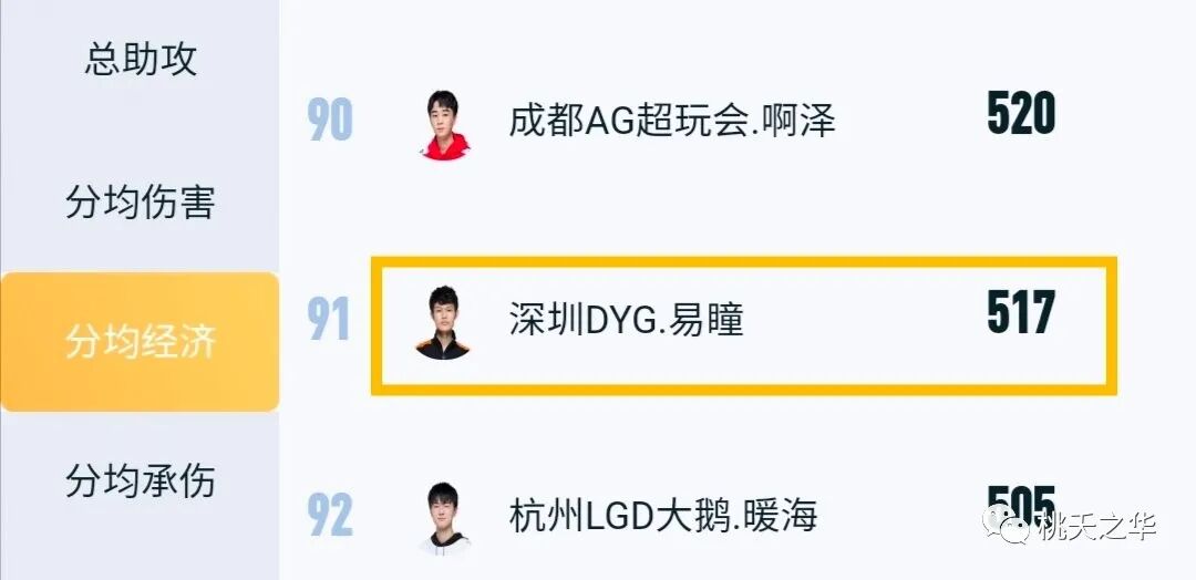 在选手的分均经济排行榜上,易瞳排在91位,整个KPL联赛有120多位选手,排在易瞳后面的30位选手,全部都是辅助位。
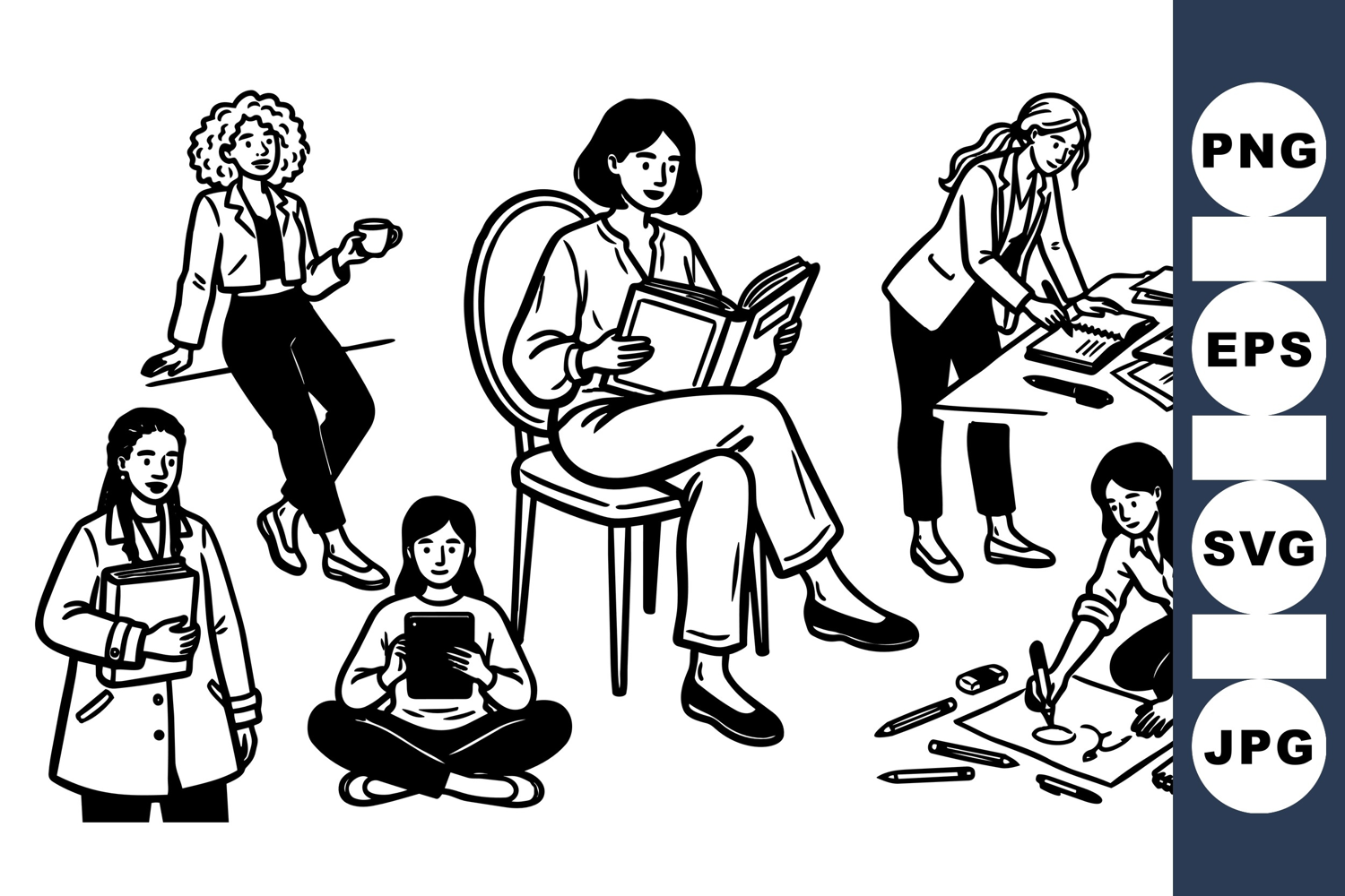 Black and white vector line art shows diverse women engaged in reading, drawing, working at desk with laptop, and relaxing cross legged holding tablet, peaceful mood.
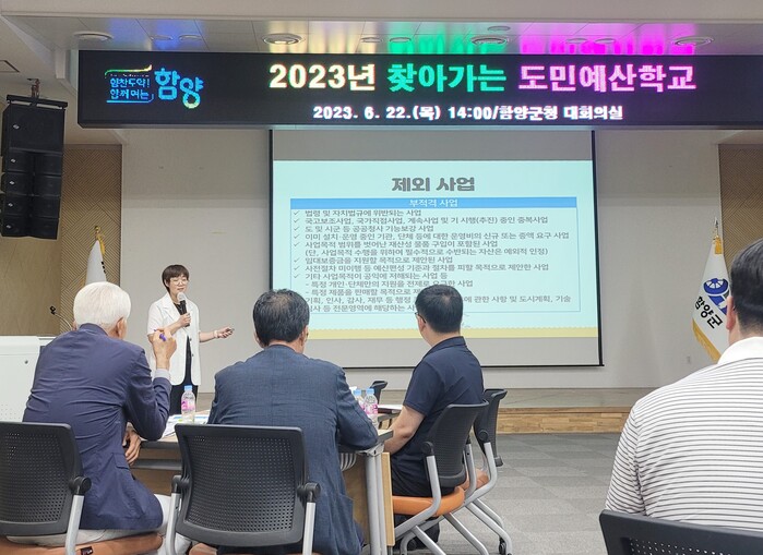 [함양=이영수 기자] 함양군은 23일 군청 대회의실에서 읍면 주민자치위원 및 주민참여예산 담당 공무원 등 30여명을 대상으로 경상남도 주관 ‘2023년 찾아가는 도민예산학교’를 개최했다.

◇ ◇ ◇ ◇ ◇ ◇ ◇

The task -> Print each line of the material above exactly, with the pictures removed from your copy.

Task output ->
 在选手的分均经济排行榜上,易瞳排在91位,整个KPL联赛有120多位选手,排在易瞳后面的30位选手,全部都是辅助位。
 Black and white vector line art shows diverse women engaged in reading, drawing, working at desk with laptop, and relaxing cross legged holding tablet, peaceful mood.
 [함양=이영수 기자] 함양군은 23일 군청 대회의실에서 읍면 주민자치위원 및 주민참여예산 담당 공무원 등 30여명을 대상으로 경상남도 주관 ‘2023년 찾아가는 도민예산학교’를 개최했다.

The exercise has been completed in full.